In principle, the dummy variable measures the fixed costs of treating the condition, and the continuous variable measures the variable cost of increased severity. All variation below a cutoff point, for example, 90 mmhg diastolic blood pressure, is suppressed. The cutoff points reflect a judgment about values below which most physicians would not treat; for example, most physicians would probably not prescribe treatment for diastolic blood pressure values below 90 mmhg. At or above the cutoff point, we simply entered the physiologic measure linearly. It is quite possible, indeed probable, that the true functional form above the cutoff point is nonlinear, but with a limited sample with each specific condition, we felt that experimenting with nonlinear functional forms would mean overfitting the data and thus overstating the probable performance of these measures. Put another way, our principal purpose was to gauge the amount of variance one might be able to explain with a set of health status measures and a set of use measures that were reasonably complete. We were not attempting to determine the appropriate functional form. Our linear form can, of course, be regarded as a first-order Taylor Series approximation to the true form (above the cutoff point). For the same reason, we did not explore interactions; for example, we treated the effects of having high blood pressure and diabetes mellitus as additive. Although it may seem that expenditures should increase with less healthy values-for example, higher blood pressure-such a relationship will not necessarily hold in the data. Specifically, it will not necessarily hold if treatment alters the physiologic measure and less healthy patients utilize more resources (or if not all individuals are under treatment). For example, a hypertensive individual whose blood pressure is controlled at 90 mmhg but whose uncontrolled value is 105 mmhg could be expected to have higher medical expenditures during our period of observation than an otherwise identical hypertensive individual who is not under treatment; in such a case, the relationship between observed blood pressure and medical expenditures would be negative.

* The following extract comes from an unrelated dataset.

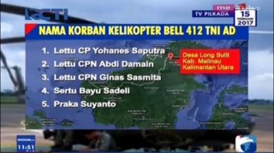 Daftar Korban Helikopter Bell 412 TNI AD
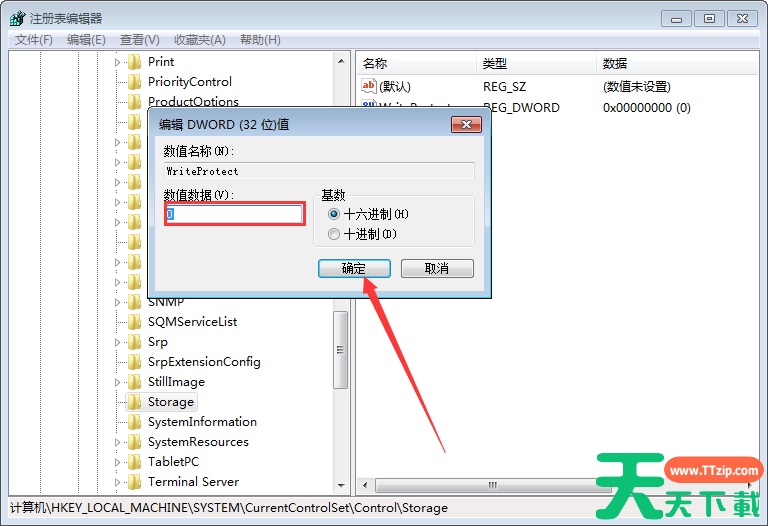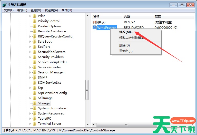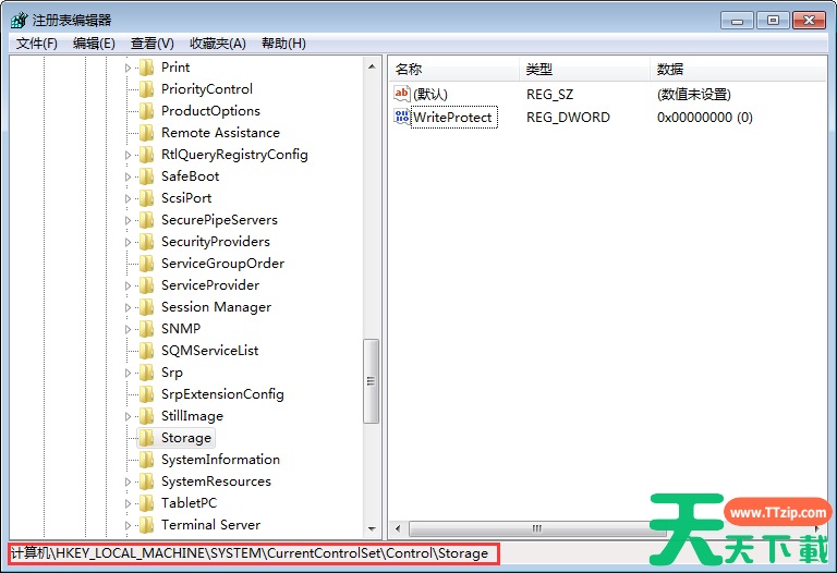 最后,将右侧窗口中名为“WriteProtect”的键值改为“0”即可。

An extension that partially allows for this difficulty is to enter a dichotomous variable for being in treatment, a specification we also estimate. (The variable took the value 1 if a physician indicated a diagnosis of a condition in Table 1 on a claims form.) Incorporating such an adjuster has the additional advantage that the relevant information can, in principle, be collected solely from claims forms. Nonetheless, such an approach is only a partial solution because it does not allow for bias within the treated group. For example, one person may have an uncontrolled diastolic blood pressure of I I 0 mmhg and another of 100 mmhg. Both individuals may have their blood pressure controlled to 90 mmhg, but the costs of treating the first person may be greater because the case is more severe. Yet, this cost difference would appear to the analyst as unexplained.

A set of measures on functional status (physical health), self-rated general health perceptions, mental health, and the presence of a variety of self-reported chronic diseases-Although the use of such variables as adjusters in the AAPCC seems problematic because of the possibilities for fraud, we thought one should ascertain the possible gains from using them. To the degree that medical care for a chronic problem affects these measures and that medical care is greater with more severe problems, the same bias described for the physiologic variables is present. These variables were collected at entry into the study.

Four variables measuring use of medical services in the previous year-These are: whether there was any outpatient expenditure, whether there was any inpatient expenditure, and the logarithms of outpatient and inpatient expenditures for those with positive expenditures. Estimation methods

To determine the promise of various types of adjusters, we used a variant of the four-equation model we have used in other work (Duan et al., 1983; Manning et al., 1987), with the variables in Table I used as explanatory variables. This variant separates outpatient and inpatient expenditures rather than persons with no inpatient expenditure and persons with inpatient expenditure. We then computed the amount of explained variation as follows.

We first predicted the total expenditure of each person using the four-equation model. The predicted value equals p.sub.i E(1, i) + P.sub.i E(2, i), where pi is the predicted probability of positive outpatient expenditure for person i, P.sub.i is the probability of positive inpatient expenditure, E(1,i) is the expected outpatient expenditure, and E(2, i) is the expected inpatient expenditure. E(1,i) and E(2,i) are retransformed from logarithms using Duan's smearing estimator (Duan, 1983; Duan et al., 1983).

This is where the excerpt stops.